From Farm to Dropper, Pt.1

November 25, 2019

By Lauren Mooney

Each bottle of TONIC is created with intention. As the Cannabis industry grows rapidly, and huge corporations clamor for a piece of the pie, TONIC stays true to their roots literally and figuratively.

A true family-run operation (try to follow along here…)

Brittany [Tricolla] Carbone is the Founder/CEO of TONIC

Erik Carbone, is the Lead Grower at Tricolla Farms (and Brittany’s husband)

Tricolla Farms is owned by Brittany’s parents and uncle.

Mom (Susan) is the TONIC office manager and the one who packs up all of your orders and gets them out the door.
Dad (Rick) and uncle (Phil) help run operations on the farm, along with Erik’s father, Rocco.

**Fun Fact** Brittany & Erik actually got married on the farm in 2015, which lead the Tricollas to turn the Barn @ Tricolla Farms to a full-fledged wedding venue!

One of the many qualities that sets TONIC apart from all the other CBD brands popping up is the care and control from farm to dropper.


Brittany & Erik translate their passion for the plant into helping people bring balance into their lives, by ultimately allowing healing to happen naturally and effectively.

Part 1 of this series digs deep with Erik Carbone about what it takes to be a successful hemp farmer on Tricolla Farms in Upstate NY.

The first harvest on the family farm happened in 2018 – seeing how large corporate entities with little to no love for the plant itself were getting involved in a very industrialized way.

In the words of Erik, “We started our own hemp farm because we wanted to be able to control quality from seed to bottle. In the early days of this industry there was not a consistent source of great material so we decided to take it into our own hands.”


LAUREN MOONEY: What kind of education happens before ever planting? And how did you learn how to farm?

ERIK CARBONE: I read about a dozen or so books – everything from cannabis growing books to plastic row cropping books, and irrigation books.

I had a general knowledge of plants growing up. My entire backyard as a kid was full of tomato plants, cucumbers, zucchinis, grapevines, and strawberries. My father really had a green thumb. And from a young age, I was always helping him tend the garden.

Before we decided to start the farm my background was in all phases of construction: building houses, brick and cement work, and operating heavy machinery. So I was able to translate 15 years of my construction knowledge into the farm, especially with operating the tractors, digging diversion ditches for drainage, as well as setting up my irrigation system.

LM: When does planting season typically start for hemp?

EC: In early May we plant seeds in 72 count trays and germinate in a greenhouse for about a month. And then we typically try and start planting our rooted plugs into our fields the first week of June.

LM: What is needed supply wise for a successful planting?

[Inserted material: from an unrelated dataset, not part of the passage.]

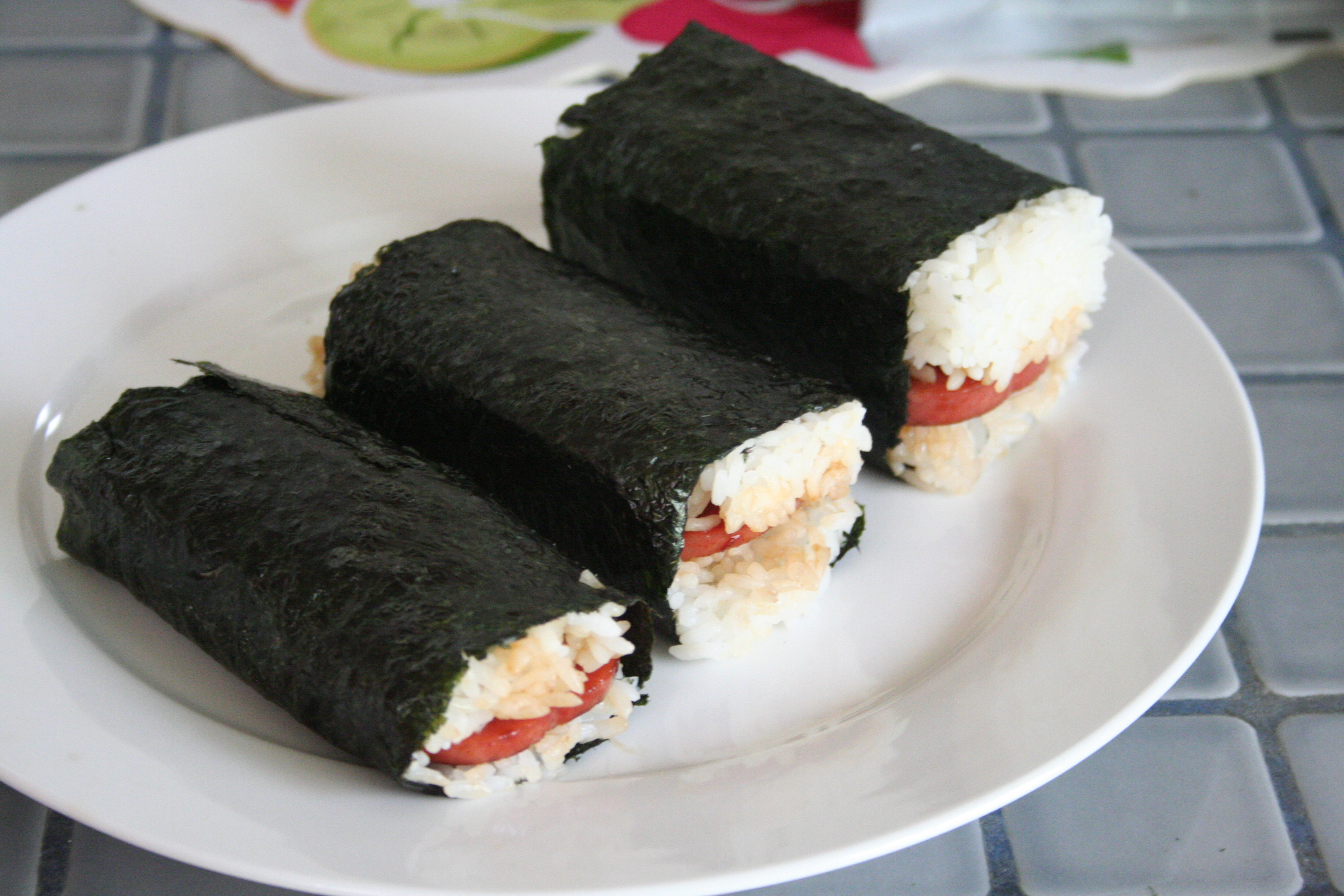 The first three attempts at making musubi.

EC: Well-drained fields, a few different tractors. Smaller tractors are suitable for laying down our plastic rows and planting. While our bigger tractors are used for plowing and disking* our fields. And multiple barns or warehouse space to be able to dry your crops.

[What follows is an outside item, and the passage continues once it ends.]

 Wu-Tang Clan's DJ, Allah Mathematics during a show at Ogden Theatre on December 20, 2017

*Plowing is a deep turning of the soul. Disking cuts and breaks up large lumps of soil that have been turned by the plow.

LM: What is one of the biggest challenges growing hemp?

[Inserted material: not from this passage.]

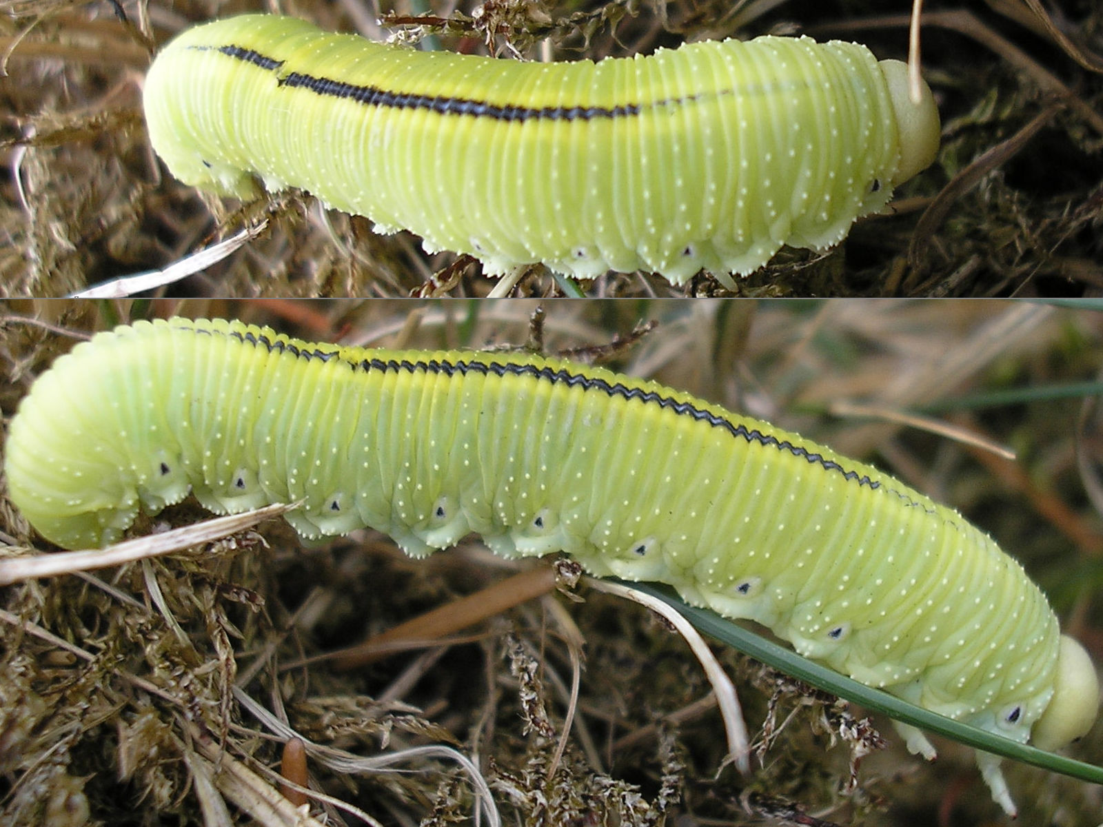 Birch Sawfly Larva (Cimbex femoratus) - walking on the ground (fell from tree?). Location: Motorway rest area "Lucasgat" near Apeldoorn, Netherlands. Keywords: wildlife, nature, insect, symphyta, woods, woodland, birch, sawfly, summer, green, larvae, caterpillar, grub.

EC: The biggest challenge is the harvest. It is very labor-intensive and we like to do all of our harvestings by hand rather than using industrial dryers or mulching whole plants for the sake of speed. We take our time and cut each and every plant by hand; as well as hanging each individual branch in one of our barns, in order to keep our plant’s cannabinoid-rich.

tricolla-farms hemp new-york
suver haze, low middle field of Tricolla Farms. september 27 2019

LM: How do you make sure your hemp crop has less than .3% of THC?

EC: First off we chose which genetics we use very carefully. By using a solid and tested genetic you can ensure that the THC levels will be below .3%. We also walk our fields daily to make sure that we do not have any rogue male plants in our fields. The chances are low but if a male does propagate it can pollinate our entire female population of plants and can have a chance of spiking THC levels.

Another factor that can contribute to a rise in THC levels is stress on the plants. So we make sure to be as gentle as possible and keep all the feeding and watering cycles as scheduled as possible. This is not always easy with Mother Nature. But we can mitigate these stresses by working with nature; tracking rain and other weather patterns to help us decide when to water our crops.

LM: What is the most magical aspect of planting?

EC: Learning the language of this magical plant. If you know what to look for and watch the plants they will tell you exactly how they are feeling. The leaves and flowers of the plants will tell you everything you need to know; if they are hungry, or thirsty, exactly what kind of nutrients they need, it goes on and on. But mostly for me it’s waking up every morning and all I want to do is be in my fields. The feeling that washes over me when surrounded by these incredible living things is indescribable. It, for lack of a better term, becomes extremely addictive. The energies that you feel coming from all of these beautiful plants is one of the best feelings I’ve ever felt.


LM: What was the thing that surprised you the most in learning how to grow?

EC: What surprises me the most is] how connected you can become to this incredible plant. I’m still learning something new every day.